# Emergency Help!!!



## Cayennepepper (Feb 1, 2013)

My doe kidded yesterday It was a very difficult birth she is swollen and very sore yesterday I gave her an injection of banamine after which she was eating and seemed to be doing well. This morning she is not eating grinding her teeth and moaning I repeated the banamine injrection but I cant hear rumen noises and shes depressed what can I try to get her to eat should I syringe her some thing I'm giving her that nutrigoat vitamin supplyment what else can I do I'm so worried about my girl


----------



## mjs500doo (Nov 24, 2012)

Cayennepepper said:


> My doe kidded yesterday It was a very difficult birth she is swollen and very sore yesterday I gave her an injection of banamine after which she was eating and seemed to be doing well. This morning she is not eating grinding her teeth and moaning I repeated the banamine injrection but I cant hear rumen noises and shes depressed what can I try to get her to eat should I syringe her some thing I'm giving her that nutrigoat vitamin supplyment what else can I do I'm so worried about my girl


Start her on probiotics and nutridrench. Have you considered milk fever? Did you try to offer grain? Warm molasses water?


----------



## 20kidsonhill (Feb 28, 2011)

I would also give her some Baking soda in addition to mjs suggestions. lots of probiotics. 

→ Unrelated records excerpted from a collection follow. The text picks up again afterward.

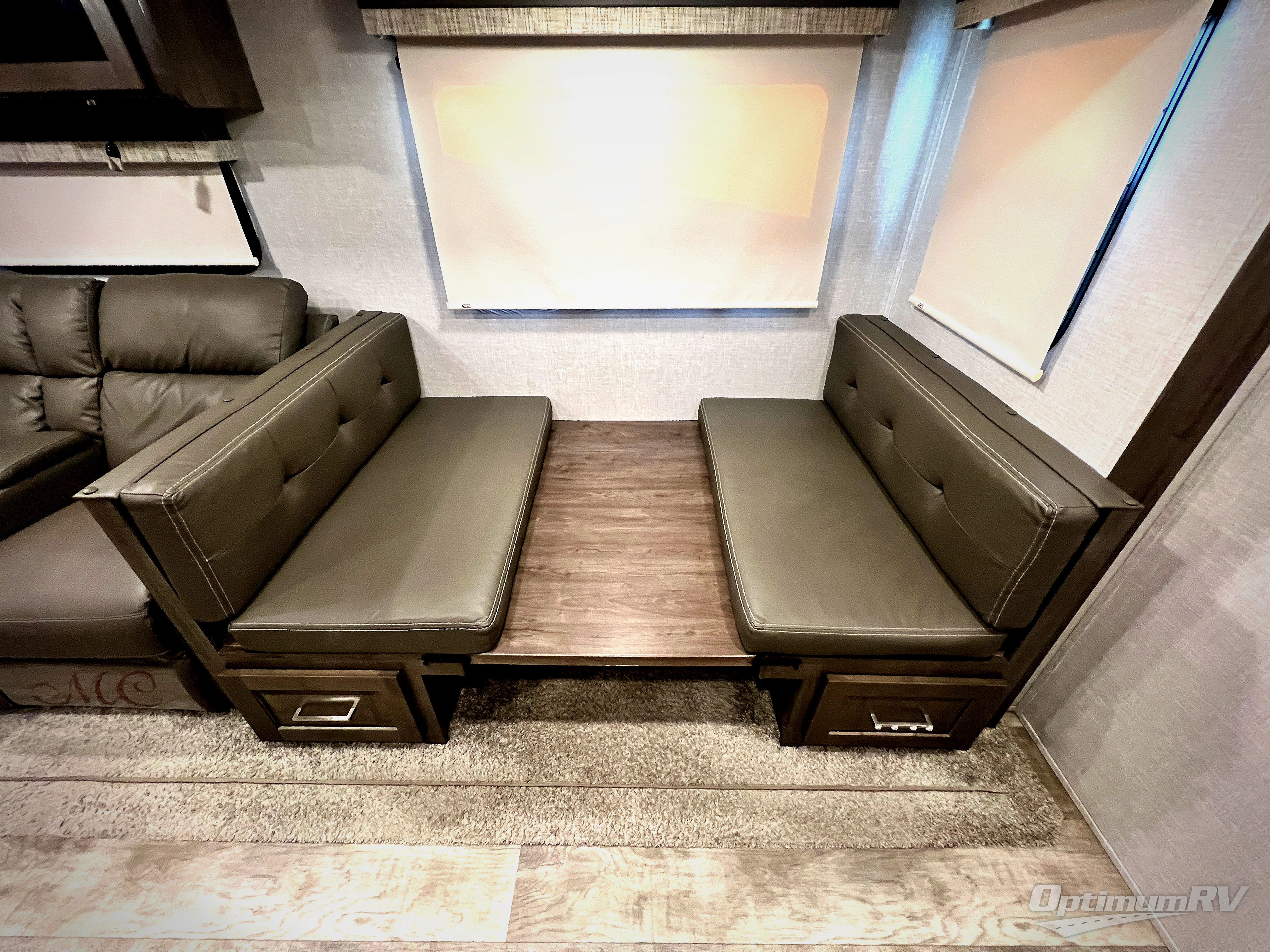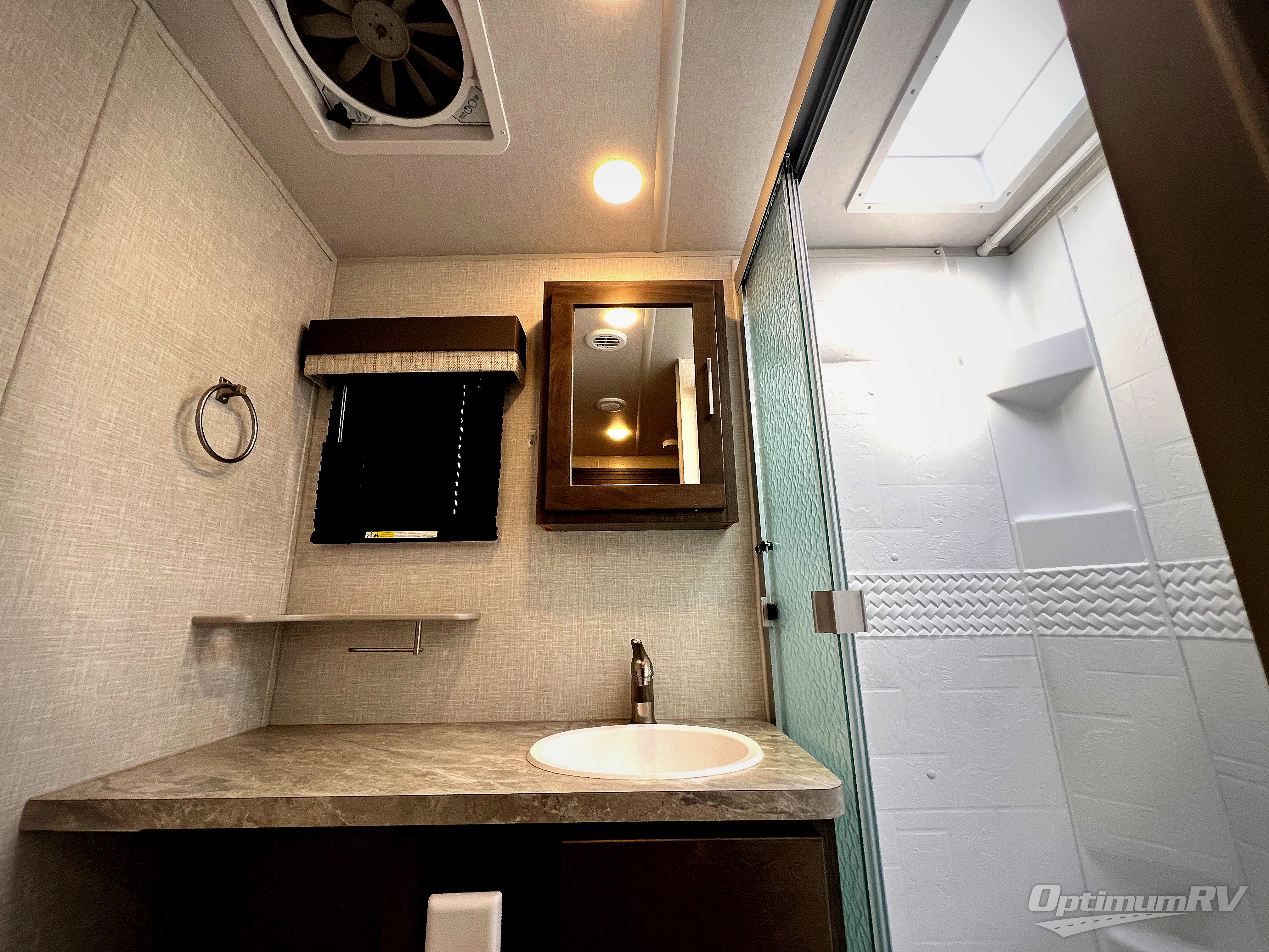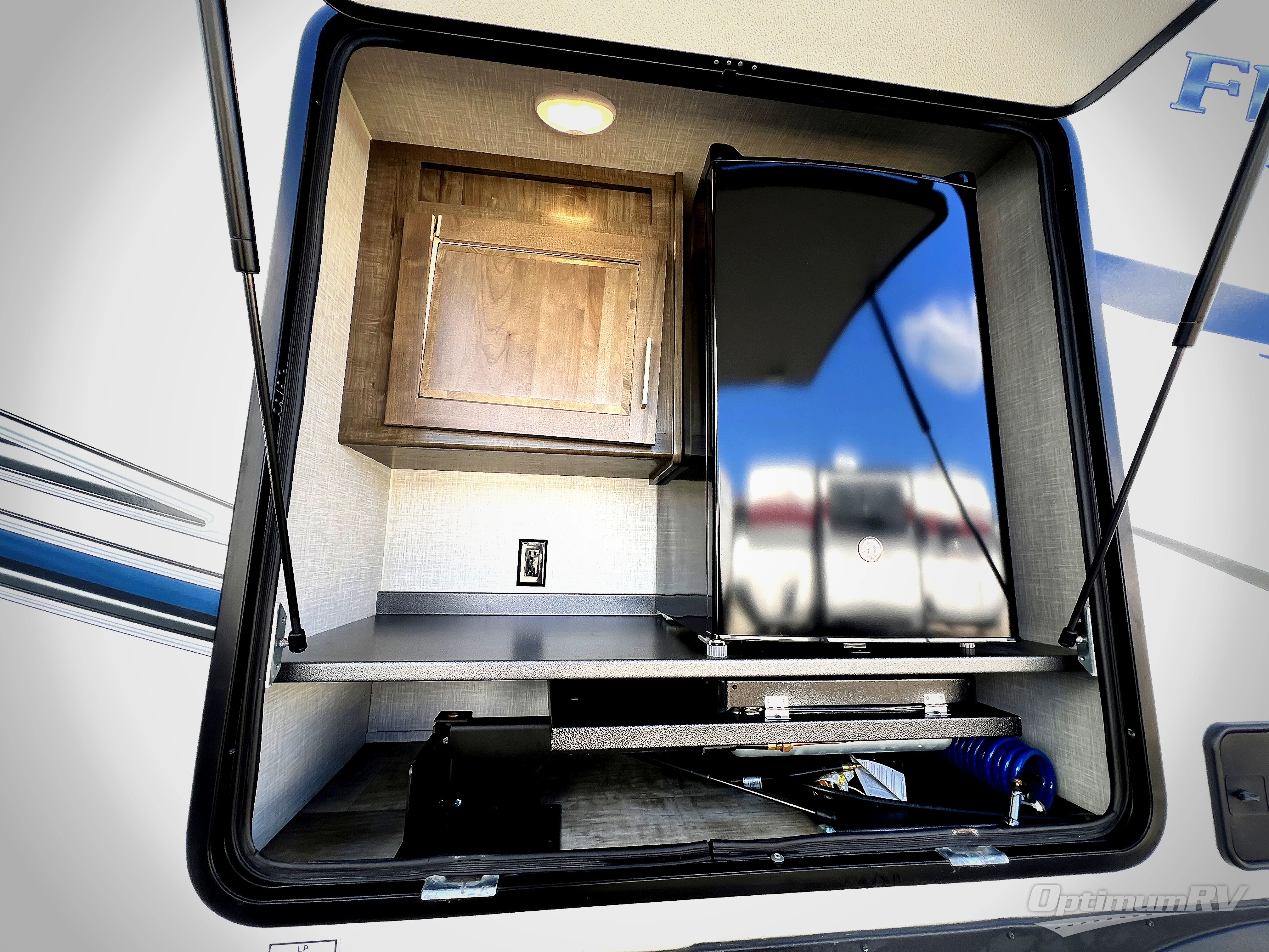 Whether you camp at state parks, National forests or on your friend's land, this trailer offers you plenty of floor space thanks to the two slide outs! As you enter the main entrance near the rear kitchen you can grab a drink from the refrigerator or a snack from the pantry and relax on the 60" theater seating or sit at the booth dinette. The LED TV offers entertainment while the fireplace will keep you cozy during the cooler months. Everyone will appreciate having a full bathroom to get cleaned up in, and the front bedroom gives you privacy and a queen bed slide, plus storage and the second exterior entry.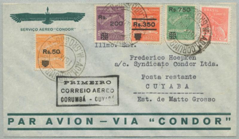 1930, from CORUMBA to CUYABA, flown by Condor Syndicate, franked with five stamps including Condor overprinted stamps in Rs. 50, Rs. 200, Rs. 300, Rs. 350 and Rs. 750 denominations, all tied by AOM. CORUMBA M.GROSSO 16.IX.30 cancels, boxed PRIMEIRO CORREIO AEREO CORUMBA - CUYABA handstamp, printed S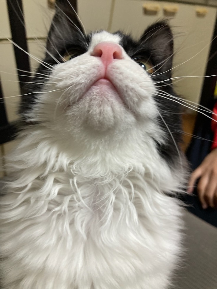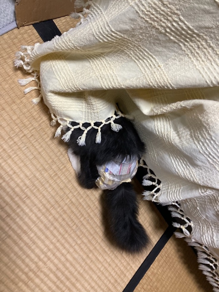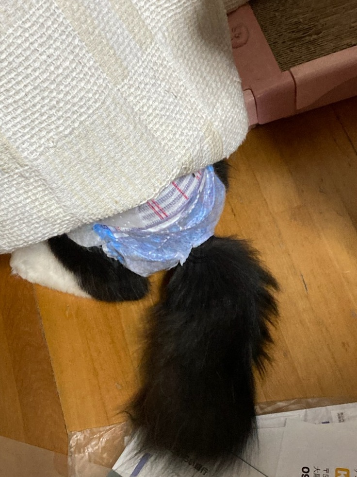お腹の潰瘍はなかなか治らず、今日は出血してた。舐めようとしてカラーを当てるので、擦れて出血。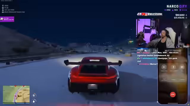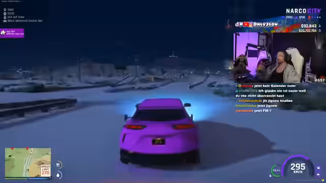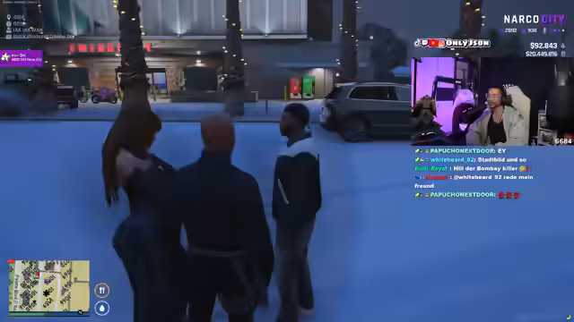 02:47:45Der Streamer betritt das DOJ-Gebäude, bemerkt aber kaum anwesende Spieler. Es folgt ein improvisiertes Telefonat mit einer als "Mama" getarnten Person. Dabei werden persönliche Weihnachtswünsche ausgetauscht und kleine Geldbeträge (20 Dollar) versprochen. Anschließend plant der Streamer einen Undercover-Einsatz gegen Korruption. Er kontaktiert "Diamond" und bietet 500.000 Spielgeld für die Eliminierung eines Helikopterpiloten an, handelt aber letztlich 50 Subs als Gegenleistung aus. Nach einem kurzen Sidequest-Abenteuer kehrt die Handlung zum DOJ zurück.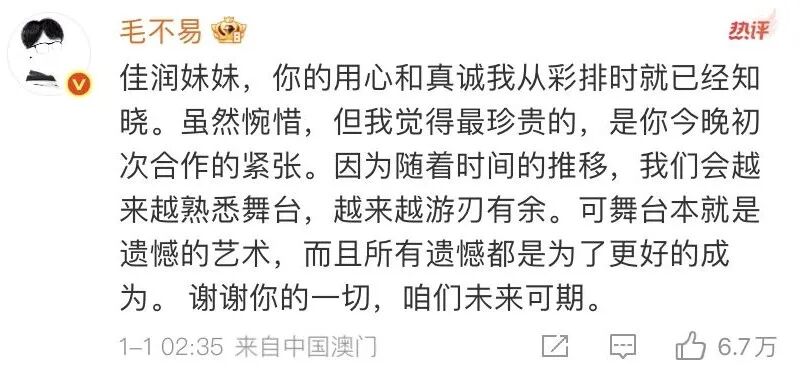 “佳润妹妹,你的用心和真诚我从彩排时就已经知晓。虽然惋惜,但我觉得最珍贵的,是你今晚初次合作的紧张。因为随着时间的推移,我们会越来越熟悉舞台,越来越游刃有余。可舞台本就是遗憾的艺术,而且所有遗憾都是为了更好的成为。谢谢你的一切,咱们未来可期。”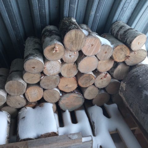Reilu 1 pinomotin verran koivua. Puut on kaadettu viime talvena. Kesän yli kuivaneet. Nyt katoksen suojissa. Metrin pituisia pölkkyjä.

milk fever is a good thought. Give her Calcium Gluconate sub-q according to the directions on the bottle. If it is milk fever she should respond pretty quickly. Repeat treatment two more times. 

B-complex injections never hurt.

Take a temp on her?


----------



## Cayennepepper (Feb 1, 2013)

Vet is on the way to give steriod and b complex, temp is 101.4 vet thinks it's preg toxemia/ ketosis she ate very small amount of yogurt gave 5 or so pumps of nutridrench will give more later heading to cvs to get propylene glycol for toxemia


----------



## Cayennepepper (Feb 1, 2013)

called cvs to check if they had proprylene glycol they said that is myralax is that right seems weird to me


----------



## Cayennepepper (Feb 1, 2013)

I've been offering gatorade but I'm going to get some molasses


----------



## mjs500doo (Nov 24, 2012)

Does she stink like super sweet? Has the vet been there yet or gathering supplies and heading that way?


----------



## mjs500doo (Nov 24, 2012)

Cayennepepper said:


> called cvs to check if they had proprylene glycol they said that is myralax is that right seems weird to me


Yup propylene glycol is MiraLAX.


----------



## Cayennepepper (Feb 1, 2013)

Not to me she just smelled like the yogurt she was eating.


----------



## happybleats (Sep 12, 2010)

I would also give her C D Antitoxin and Thiamine along with the MiraLax...this will support her system until she is back up and going...DOseher with Nutra drench until your vet gets there..it has Propolyne Glycol in is...best wishes


----------



## Cayennepepper (Feb 1, 2013)

mjs500doo said:


> Yup propylene glycol is MiraLAX.


even though its called prolyethylene


----------



## happybleats (Sep 12, 2010)

I cant find a link between PG and MiraLax either...Im still looking..but it seems to be for constipation???


----------



## happybleats (Sep 12, 2010)

Imight go for Magic instead..I can not find a connection that both miralax and PG are the same thing...not that is isnt..I just cant find it...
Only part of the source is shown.